The Ballistic in the center of the timing label is 30 degrees. So you are running 10 in the motor and mode 4?


----------



## SMROCKET (Nov 16, 2001)

Yes 10 in the motor and 4 on the profile ...SRM


----------



## MK Race (Oct 6, 1998)

WOW, I must be running mine with a lot of timing. I'll try your setup this Saturday. I know when I was running the motor in the middle of the timing tab(15 degrees) and in mode 6, my motor wouldn't get over 118 degrees. I know we can't set rollout by temp anymore, but the car was a little faster with more timing and the motor around 130 degrees. Myt friends that run the Tekin are coming off over 160 degrees.

Thanks for the info.


----------



## SMROCKET (Nov 16, 2001)

You can put more gear on in the profile 4 and still be faster the last 2 minutes ... 1 cell is more about chassis and conserving battery so your fast the last of the race SRM


----------



## MK Race (Oct 6, 1998)

Well Saturday I ran my SPX in mode 4 and backed the motor down to 10 degrees. First run I ran the rollout the same and the car was about a tenth and a half per lap slower. Next run I went up 5 teeth and picked it right up. The laps only fell off a tenth from start to finish. Last run I went up 1 more tooth and the car was faster and dropped off only about a tenth and a half. Motor temp only got to 130. All this is on a short track only 36x65. Next week we'll be racing at a bigger track and more testing.


----------



## JDW (Oct 29, 2006)

What are you guys using for 10.5 ballistic motor setting wise?And anywhere to get the mode programing inst?The set I have is in german I think?:freak:

Thanks Jake


----------



## MK Race (Oct 6, 1998)

We haven''t run the 10.5s except in Cincinnati where we both were terrible.

I can copy and send you the setup sheet for the speedo if there aren't on the website.


----------



## JDW (Oct 29, 2006)

MK Race said:


> We haven''t run the 10.5s except in Cincinnati where we both were terrible.
> 
> I can copy and send you the setup sheet for the speedo if there aren't on the website.

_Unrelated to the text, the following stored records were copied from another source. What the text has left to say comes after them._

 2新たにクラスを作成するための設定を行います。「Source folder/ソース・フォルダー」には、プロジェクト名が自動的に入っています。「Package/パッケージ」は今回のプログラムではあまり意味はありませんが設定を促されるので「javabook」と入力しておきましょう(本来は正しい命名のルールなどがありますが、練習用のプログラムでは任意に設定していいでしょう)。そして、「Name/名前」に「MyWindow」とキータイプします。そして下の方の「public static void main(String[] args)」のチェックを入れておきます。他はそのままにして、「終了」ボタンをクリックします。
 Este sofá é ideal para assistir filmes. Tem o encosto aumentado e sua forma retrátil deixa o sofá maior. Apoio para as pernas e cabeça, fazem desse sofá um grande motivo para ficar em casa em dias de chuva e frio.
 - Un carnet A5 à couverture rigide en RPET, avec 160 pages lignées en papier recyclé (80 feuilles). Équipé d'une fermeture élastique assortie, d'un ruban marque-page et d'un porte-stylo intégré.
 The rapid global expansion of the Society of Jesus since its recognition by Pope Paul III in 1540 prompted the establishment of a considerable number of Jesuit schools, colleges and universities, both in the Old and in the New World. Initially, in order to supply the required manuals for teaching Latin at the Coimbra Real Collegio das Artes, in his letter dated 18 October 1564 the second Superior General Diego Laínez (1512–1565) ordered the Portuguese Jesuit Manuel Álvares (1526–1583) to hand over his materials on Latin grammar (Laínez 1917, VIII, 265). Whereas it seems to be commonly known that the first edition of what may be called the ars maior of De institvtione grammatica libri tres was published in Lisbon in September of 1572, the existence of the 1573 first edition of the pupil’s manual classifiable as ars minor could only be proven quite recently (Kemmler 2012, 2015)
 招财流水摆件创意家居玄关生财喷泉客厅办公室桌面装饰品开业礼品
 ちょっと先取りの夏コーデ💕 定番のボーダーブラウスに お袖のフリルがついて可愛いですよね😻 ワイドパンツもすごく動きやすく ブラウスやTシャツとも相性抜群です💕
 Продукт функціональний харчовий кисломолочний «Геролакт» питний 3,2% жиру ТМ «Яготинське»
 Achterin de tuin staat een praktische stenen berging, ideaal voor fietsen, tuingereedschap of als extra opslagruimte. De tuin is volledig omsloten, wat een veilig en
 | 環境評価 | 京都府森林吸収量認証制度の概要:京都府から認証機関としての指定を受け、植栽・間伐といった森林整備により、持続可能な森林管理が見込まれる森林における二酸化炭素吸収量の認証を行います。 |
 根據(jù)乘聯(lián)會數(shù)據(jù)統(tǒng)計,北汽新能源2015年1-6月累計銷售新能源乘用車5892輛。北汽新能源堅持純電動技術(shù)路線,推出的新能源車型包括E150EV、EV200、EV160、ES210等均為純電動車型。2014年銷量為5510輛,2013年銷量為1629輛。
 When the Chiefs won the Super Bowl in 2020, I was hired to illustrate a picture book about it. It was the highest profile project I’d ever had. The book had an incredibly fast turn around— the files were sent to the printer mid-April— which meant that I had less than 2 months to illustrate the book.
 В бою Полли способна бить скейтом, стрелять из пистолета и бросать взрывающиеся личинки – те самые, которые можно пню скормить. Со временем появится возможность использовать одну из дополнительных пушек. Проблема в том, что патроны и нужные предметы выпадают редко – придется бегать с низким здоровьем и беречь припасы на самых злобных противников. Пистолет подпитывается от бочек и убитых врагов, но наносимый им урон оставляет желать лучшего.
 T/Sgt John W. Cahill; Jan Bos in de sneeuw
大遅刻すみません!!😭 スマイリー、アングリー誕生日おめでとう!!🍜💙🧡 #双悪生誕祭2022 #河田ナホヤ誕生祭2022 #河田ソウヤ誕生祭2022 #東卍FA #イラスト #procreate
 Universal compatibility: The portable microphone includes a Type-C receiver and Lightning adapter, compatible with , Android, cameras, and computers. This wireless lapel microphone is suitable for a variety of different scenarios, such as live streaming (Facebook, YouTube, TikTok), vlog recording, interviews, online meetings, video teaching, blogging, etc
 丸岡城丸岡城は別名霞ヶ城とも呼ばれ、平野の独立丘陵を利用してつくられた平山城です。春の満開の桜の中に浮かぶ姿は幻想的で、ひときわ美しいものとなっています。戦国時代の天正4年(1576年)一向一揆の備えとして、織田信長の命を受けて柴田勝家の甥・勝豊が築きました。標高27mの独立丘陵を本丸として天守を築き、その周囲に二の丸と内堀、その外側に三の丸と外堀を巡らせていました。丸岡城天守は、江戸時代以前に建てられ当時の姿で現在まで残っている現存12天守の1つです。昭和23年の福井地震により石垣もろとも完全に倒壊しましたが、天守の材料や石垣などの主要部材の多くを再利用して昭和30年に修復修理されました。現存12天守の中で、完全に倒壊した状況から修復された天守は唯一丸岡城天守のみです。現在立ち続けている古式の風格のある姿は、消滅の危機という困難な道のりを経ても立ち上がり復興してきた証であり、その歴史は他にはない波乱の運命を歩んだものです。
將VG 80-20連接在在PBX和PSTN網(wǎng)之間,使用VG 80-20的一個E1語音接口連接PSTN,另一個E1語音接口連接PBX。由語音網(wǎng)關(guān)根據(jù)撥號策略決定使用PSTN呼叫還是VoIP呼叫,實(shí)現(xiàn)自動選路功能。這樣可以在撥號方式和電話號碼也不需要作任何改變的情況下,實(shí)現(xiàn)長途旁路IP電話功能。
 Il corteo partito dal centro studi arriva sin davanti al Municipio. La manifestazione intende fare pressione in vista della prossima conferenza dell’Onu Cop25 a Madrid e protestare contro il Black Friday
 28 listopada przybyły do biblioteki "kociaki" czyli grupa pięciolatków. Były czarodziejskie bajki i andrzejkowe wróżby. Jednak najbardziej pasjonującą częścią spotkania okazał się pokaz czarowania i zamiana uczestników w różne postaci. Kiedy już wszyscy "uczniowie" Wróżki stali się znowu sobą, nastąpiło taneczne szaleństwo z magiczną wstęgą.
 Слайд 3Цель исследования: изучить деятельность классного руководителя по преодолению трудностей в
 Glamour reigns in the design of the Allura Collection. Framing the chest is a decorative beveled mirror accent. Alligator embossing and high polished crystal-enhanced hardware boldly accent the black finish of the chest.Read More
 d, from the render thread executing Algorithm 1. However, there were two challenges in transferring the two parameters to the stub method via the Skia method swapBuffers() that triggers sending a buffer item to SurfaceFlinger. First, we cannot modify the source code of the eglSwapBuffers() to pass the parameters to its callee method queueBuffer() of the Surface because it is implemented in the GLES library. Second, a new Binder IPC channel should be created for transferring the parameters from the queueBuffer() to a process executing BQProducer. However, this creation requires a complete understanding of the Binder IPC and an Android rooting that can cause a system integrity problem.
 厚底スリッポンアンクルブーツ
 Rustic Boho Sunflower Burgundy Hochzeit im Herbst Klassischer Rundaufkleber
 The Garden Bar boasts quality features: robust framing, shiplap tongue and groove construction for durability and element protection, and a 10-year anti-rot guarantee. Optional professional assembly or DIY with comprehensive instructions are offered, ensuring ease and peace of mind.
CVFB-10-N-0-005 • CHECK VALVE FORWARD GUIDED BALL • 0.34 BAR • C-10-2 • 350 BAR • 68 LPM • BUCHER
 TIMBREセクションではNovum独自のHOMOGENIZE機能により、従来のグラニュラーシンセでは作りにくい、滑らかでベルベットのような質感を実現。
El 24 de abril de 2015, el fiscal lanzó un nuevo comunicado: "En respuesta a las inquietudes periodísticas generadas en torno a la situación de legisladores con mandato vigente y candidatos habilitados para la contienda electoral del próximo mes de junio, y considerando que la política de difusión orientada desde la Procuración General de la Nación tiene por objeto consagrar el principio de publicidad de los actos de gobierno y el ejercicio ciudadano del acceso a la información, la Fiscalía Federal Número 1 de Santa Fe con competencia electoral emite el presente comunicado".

That would be great. [email protected]

Jake


----------



## MK Race (Oct 6, 1998)

Hey Jake, how about I just bring them Sunday?


----------



## JDW (Oct 29, 2006)

MK Race said:


> Hey Jake, how about I just bring them Sunday?


Sounds good thanks

Jake


----------



## smoothie (Mar 23, 2004)

I am considering buying a spx for my hyperdrive pro 4 car. We are running 13.5 1 cell cars. I am thinking about the Trinity Nemisis motor. Any thoughts on that combo?


----------



## MK Race (Oct 6, 1998)

smoothie said:


> I am considering buying a spx for my hyperdrive pro 4 car. We are running 13.5 1 cell cars. I am thinking about the Trinity Nemisis motor. Any thoughts on that combo?


I'm using the SPX with the Novak Ballistic motor.:thumbsup:


----------



## smoothie (Mar 23, 2004)

What are your setting on Mode 6 using a Duo 2 motor on a 150' driveline?


----------